= Problem description =
From the first line of the data down to the line bearing "BambiniWelt Fahrradtasche –", output every line exactly and include no pictures.

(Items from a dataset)
----------------

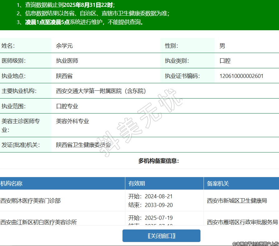 姓名:余學(xué)元性別:男醫(yī)師級別:執(zhí)業(yè)醫(yī)師執(zhí)業(yè)類別:口腔執(zhí)業(yè)地點:陜西省執(zhí)業(yè)證書編碼:120610000002601主要執(zhí)業(yè)機(jī)構(gòu):西安交通大學(xué)第一附屬醫(yī)院(含東院)執(zhí)業(yè)范圍:口腔專業(yè)美容主診醫(yī)師專業(yè):美容外科專業(yè)發(fā)證(批準(zhǔn))機(jī)關(guān):陜西省衛(wèi)生健康委員會多機(jī)構(gòu)備案信息:機(jī)構(gòu)名稱 有效期 備案機(jī)關(guān) 西安熙沐醫(yī)療美容門診部 開始:2024-08-21結(jié)束:2033-09-20西安市新城區(qū)衛(wèi)生健康局 西安曲江新區(qū)初白醫(yī)療美容診所 開始:2025-07-19結(jié)束:2035-07-18西安市雁塔區(qū)行政審批服務(wù)局 -
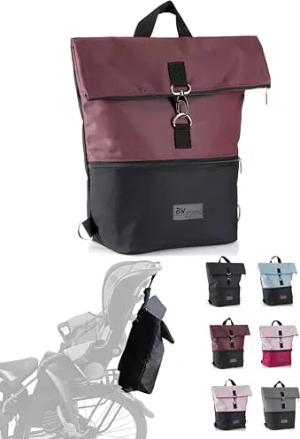 BambiniWelt Fahrradtasche – Rucksack für Kinderfahrradsitz kompatibel mit Römer Jockey, wasserabweisend, mit Klickverschluss & Schultergurt, 20 l Stauraum (schwarz-bordeaux)
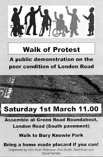 Headington’s LibDem Councillors delivered flyers announcing a “Walk of Protest” on Saturday 1 March to protest about the poor state of the London Road between Headington roundabout and Bury Knowle Park. Protesters are asked to bring their own placards if possible.
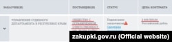 Фирма, получившая госзаказ на 2,6 миллиона рублей, по данным федеральной налоговой службы, зарегистрирована в 2016 году с уставным капиталом в 10 тысяч рублей. Она специализируется на оптовой торговле одеждой и обувью, а также производстве текстильных изделий. Но какой-либо истории ее участия в других крымских тендерах в открытом доступе корреспонденту Крым.Реалии найти не удалось. Попытки связаться с фирмой тоже оказались безуспешными. По ее телефону на звонки не ответили.
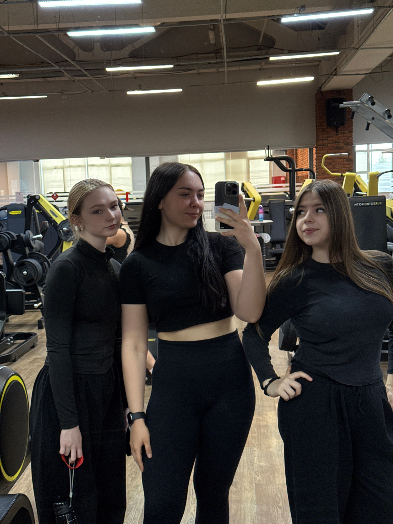 Three women are in a gym in the city of Chaikovsky, Russia. They are posing for a selfie. The woman in the middle is holding the phone. They are all dressed in black workout clothes. Behind them are v…read more
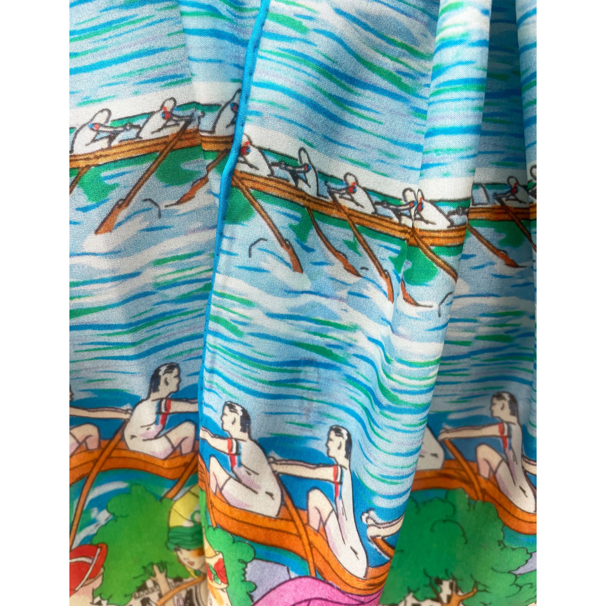 This 1920s design was inspired by French fashion magazine Art-Gout-Beaute, June 1924. The centre spread shows the rowers on the River Seine, observed by an array of stylishly attired Parisians.
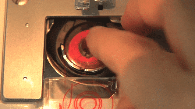 左まきになるようにボビンを入れ、糸をみぞにかける
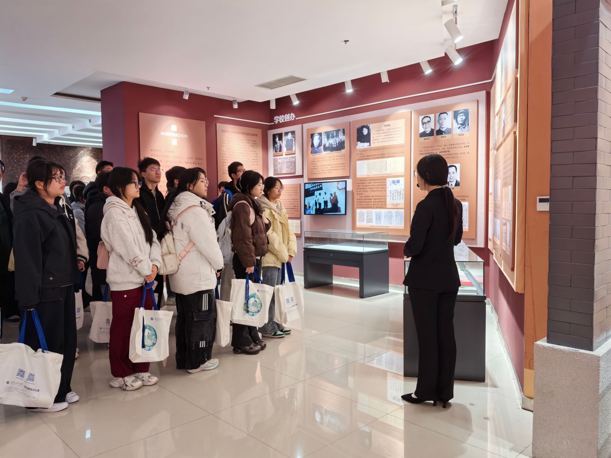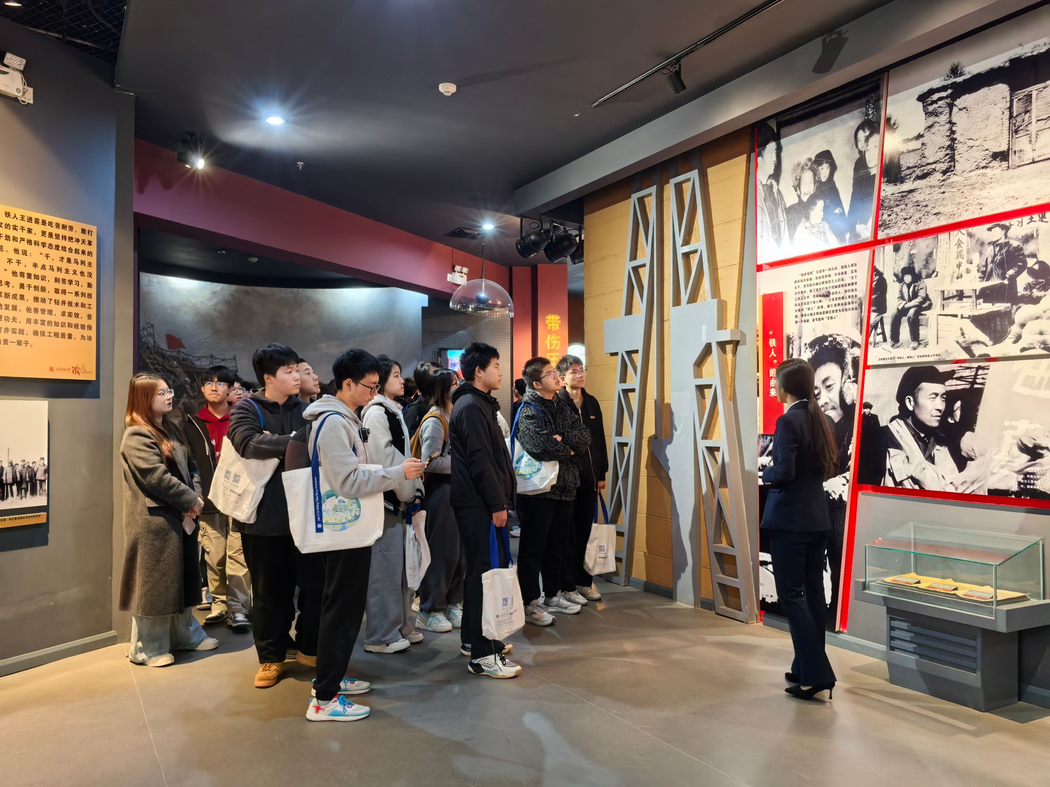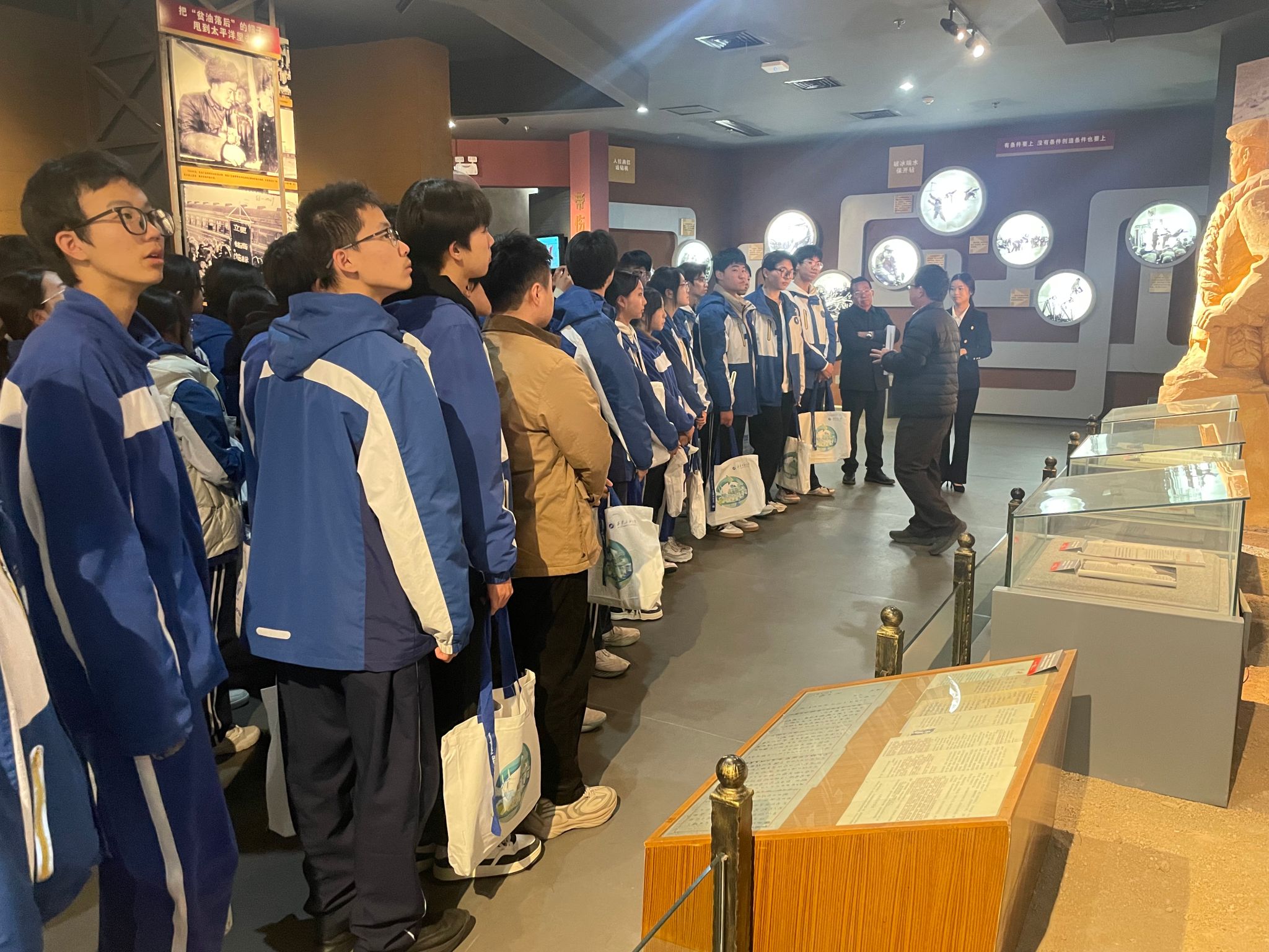 研学活动第一站首先来到校史馆和铁人纪念馆。在铁人纪念馆,通过讲解员细致的讲解,结合一幅幅珍贵的照片、一件件实物展品,五高师生深切感受了铁人的不凡人生历程,深刻领悟了铁人精神的内涵。在校史馆,跟随讲解员的步伐,五高师生认真聆听了学校的建设发展历程,透过一个个展板,一件件历史实物,大家学习了先辈们筚路蓝缕艰苦办学的奋斗精神,专家学者潜心育人的优秀事迹和毕业生扎根祖国大地回馈社会的爱国情怀,深切感受到beat365官网的校园文化和学习氛围,也激发起内心对大学生活的向往和憧憬。
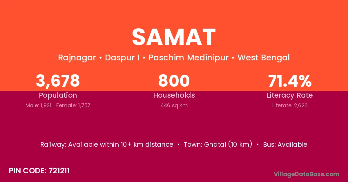 Ghatal (10 km) is the nearest town to Samat village for major economic activities and is located approximately 10 km away.
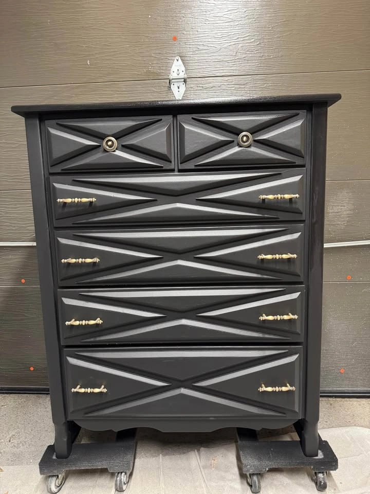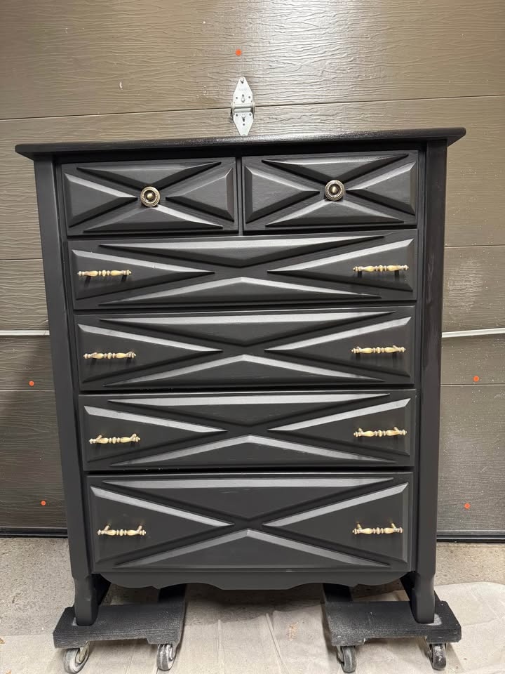 Modern Black Geometric 6-Drawer Dresser – Newly Refinished
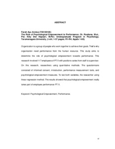 Annisa, Farah Ayu (2017) Peran pemberdayaan psikologis terhadap kinerja. Skripsi thesis, Universitas Tarumanagara.
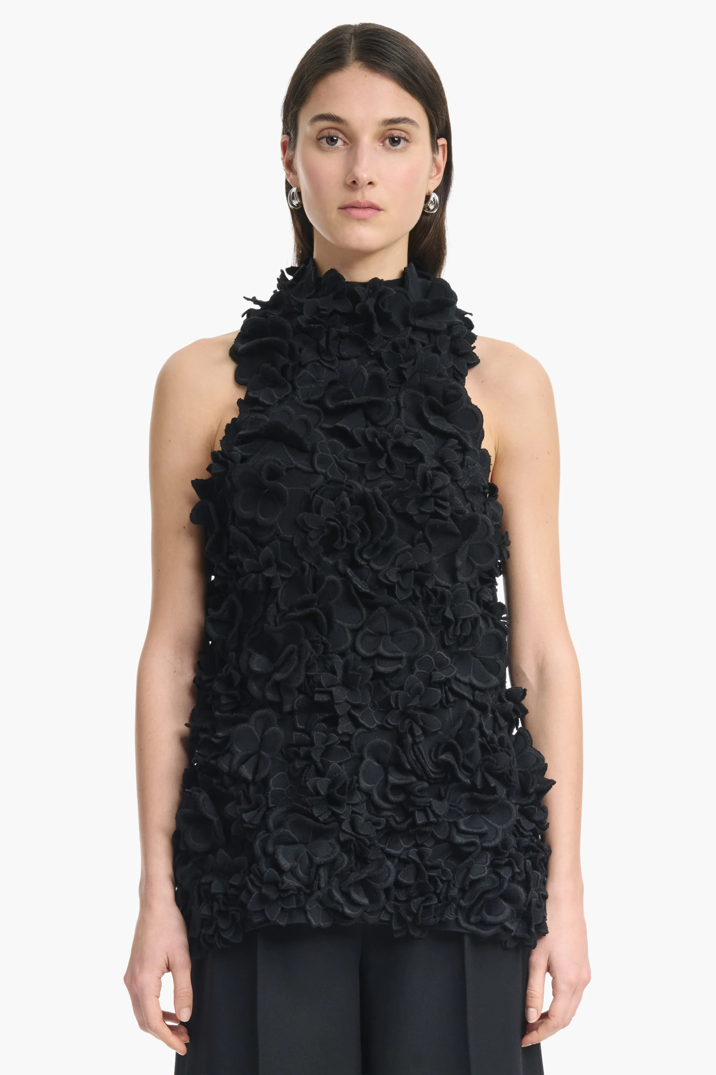 The Sigourney Top is crafted with an all-over three-dimensional floral appliqué that creates a sculptural, textured silhouette. Designed with a high neckline and a sleeveless cut, it falls straight through the body for a clean, structured shape.
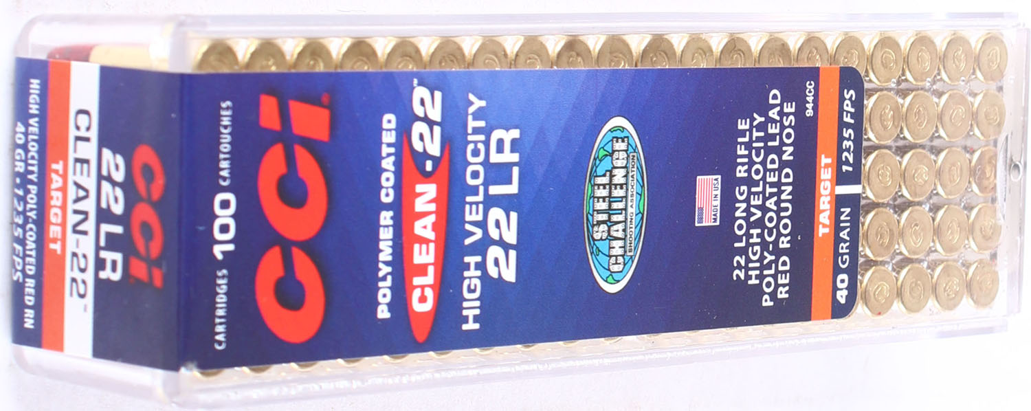 CCi, Clean-22, .22 Long Rifle, High Velocity, 40 Grain Poly-Coated Lead Round Nose, 1235 FPS, FULL & SEALED, 2pc. Clear plastic tray with blue sealing label, box is MINT with minty color, label is intact, ammo appears minty. Grade: MINT - Value: 16 to 24
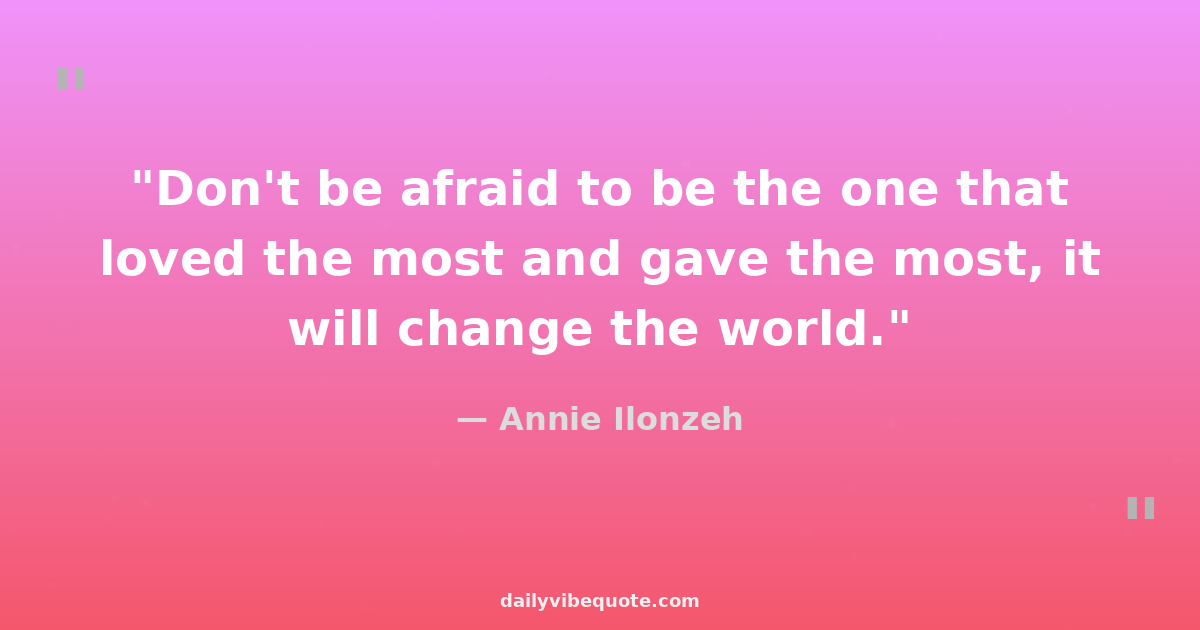 "Don't be afraid to be the one that loved the most and gave the most, it will change the world."
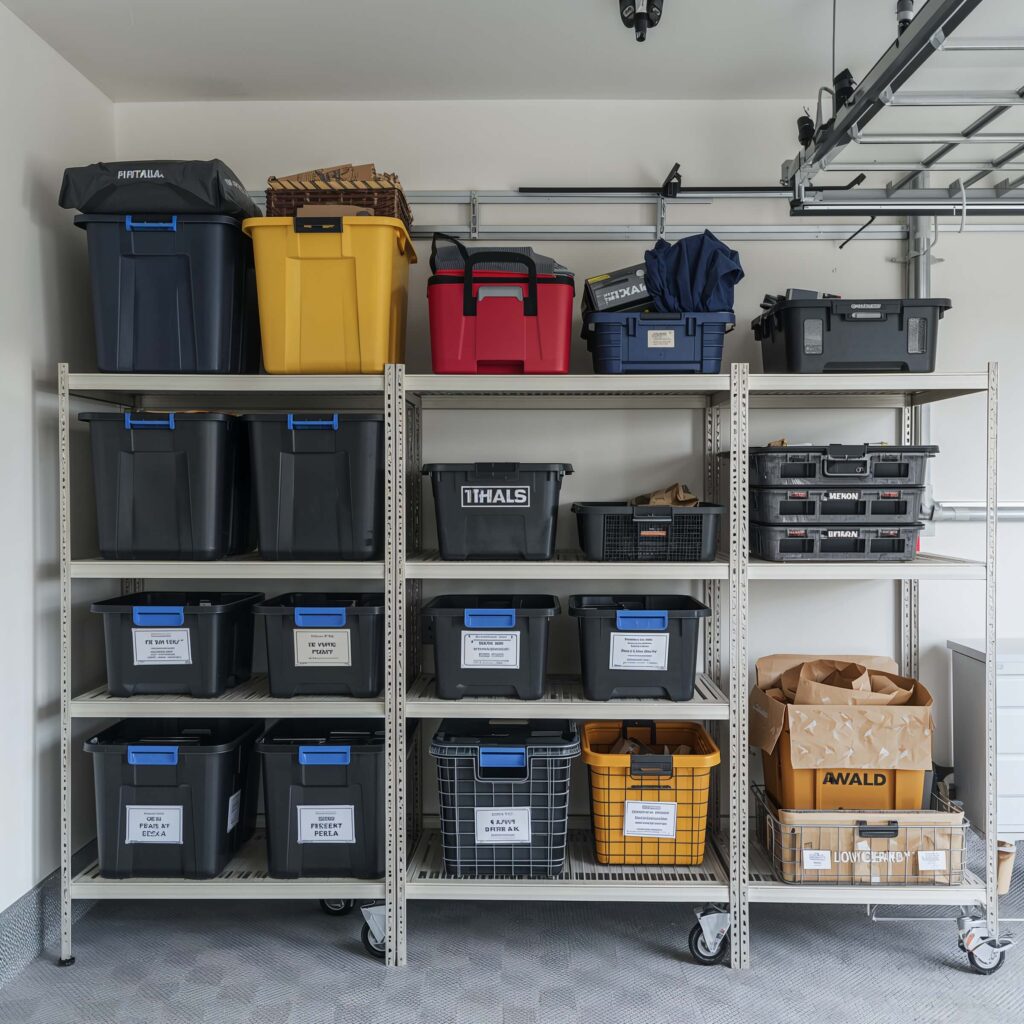 10. Garage Storage Bins with Labels

----------------

= Response area =
 姓名:余學(xué)元性別:男醫(yī)師級別:執(zhí)業(yè)醫(yī)師執(zhí)業(yè)類別:口腔執(zhí)業(yè)地點:陜西省執(zhí)業(yè)證書編碼:120610000002601主要執(zhí)業(yè)機(jī)構(gòu):西安交通大學(xué)第一附屬醫(yī)院(含東院)執(zhí)業(yè)范圍:口腔專業(yè)美容主診醫(yī)師專業(yè):美容外科專業(yè)發(fā)證(批準(zhǔn))機(jī)關(guān):陜西省衛(wèi)生健康委員會多機(jī)構(gòu)備案信息:機(jī)構(gòu)名稱 有效期 備案機(jī)關(guān) 西安熙沐醫(yī)療美容門診部 開始:2024-08-21結(jié)束:2033-09-20西安市新城區(qū)衛(wèi)生健康局 西安曲江新區(qū)初白醫(yī)療美容診所 開始:2025-07-19結(jié)束:2035-07-18西安市雁塔區(qū)行政審批服務(wù)局 -
 BambiniWelt Fahrradtasche – Rucksack für Kinderfahrradsitz kompatibel mit Römer Jockey, wasserabweisend, mit Klickverschluss & Schultergurt, 20 l Stauraum (schwarz-bordeaux)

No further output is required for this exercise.